Outlook client could be ANY mail server backend

Submitted by sstanton on 29 January 2009 - 5:11pm.

If they call it an Outlook server, then it could be anything on the backend. Besides being a native Exchange client , the Outlook client can also be configured for any POP3 server. Since it is the White House, I am betting that there are National Security guys controlling the server side and guaranteeing that it is secure, so I am betting that it is not Excahnge, it is probably an NSA locked down version of sendmail.

aevans's picture

Actually

Submitted by aevans on 30 January 2009 - 10:15am.

Don't forget the other highly publicised email failing at the White House that confirms it is Exchange:
http://arstechnica.com/tech-policy/news/2008/04/bu...
"When the Bush administration took office, it decided to replace the Lotus Notes-based e-mail system used under the Clinton Administration with Microsoft Outlook and Exchange"

And my favourite line from the article:
"Instead, the White House has instituted a comically primitive system called "journaling"

dlythgoe's picture

It is not any server...

Submitted by dlythgoe on 30 January 2009 - 10:36am.

It is Exchange...

Outlook can be the client for several backends, but we know that the system they are using is Exchange.

Dean

shutchinson's picture

Technically, it might not be Exchange . . .

Submitted by shutchinson on 29 January 2009 - 6:04pm.

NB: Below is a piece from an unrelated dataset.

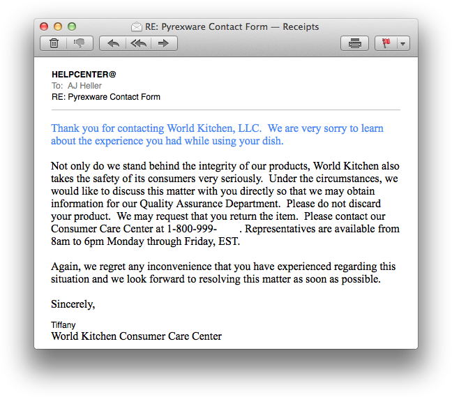 I told Pachmed about the email I had received from Tiffany in response to my complaint, about how it said I was supposed to save the pieces of the dish so that they could be returned and Pyrex could perform what I can only imagine would be military-grade ballistics tests. Finally, I explained how the email had told me to call them to discuss the situation.
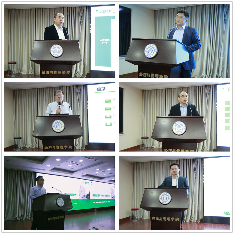 随后,院领导班子成员围绕各自分管的重点工作作专题报告:王群伟报告了青年教师发展计划;邓晶提出了学院新文科建设方案;谢乃明提出高质量研究生教育教学行动计划;王子龙作了MBA教育中心办学水平提升方案报告。

It may not be Exchange - it could be any E-Mail Server that Outlook has been configured to work with.

All the Aide knows is the program they use on the PC is Outlook (or maybe Outlook Express ~ most people don't know the difference), and the E-Mail Server was broken, therefore it made sense to the Aide to call it the "Outlook Server".

dlythgoe's picture

Technically ...

Submitted by dlythgoe on 30 January 2009 - 10:41am.

Obviously you are right - it could be. But it wasn't.....If you follow the story and know more details about the problem, it has been confirmed it was Exchange.

Yes - the aide was obviously not technical. But the technical snafu was definitely Exchange.

Dean

kwhite's picture

Unfortunate

Submitted by kwhite on 30 January 2009 - 3:14pm.

This is not good for the new Presidency. I hope that the White House received a call from Mr Hovsepian with an offer to send a team of GroupWise experts to solve this crisis.

sterlingsilver's picture

Exchange/Outlook Risks

Submitted by sterlingsilver on 27 February 2009 - 8:03am.

In my previous company, our Exchange/Outlook network went down for 2 days before the IT guys were able to restore everything. The worst they weren't able to restore the mailboxes only the infrastructure was restored. But the old emails were all gone.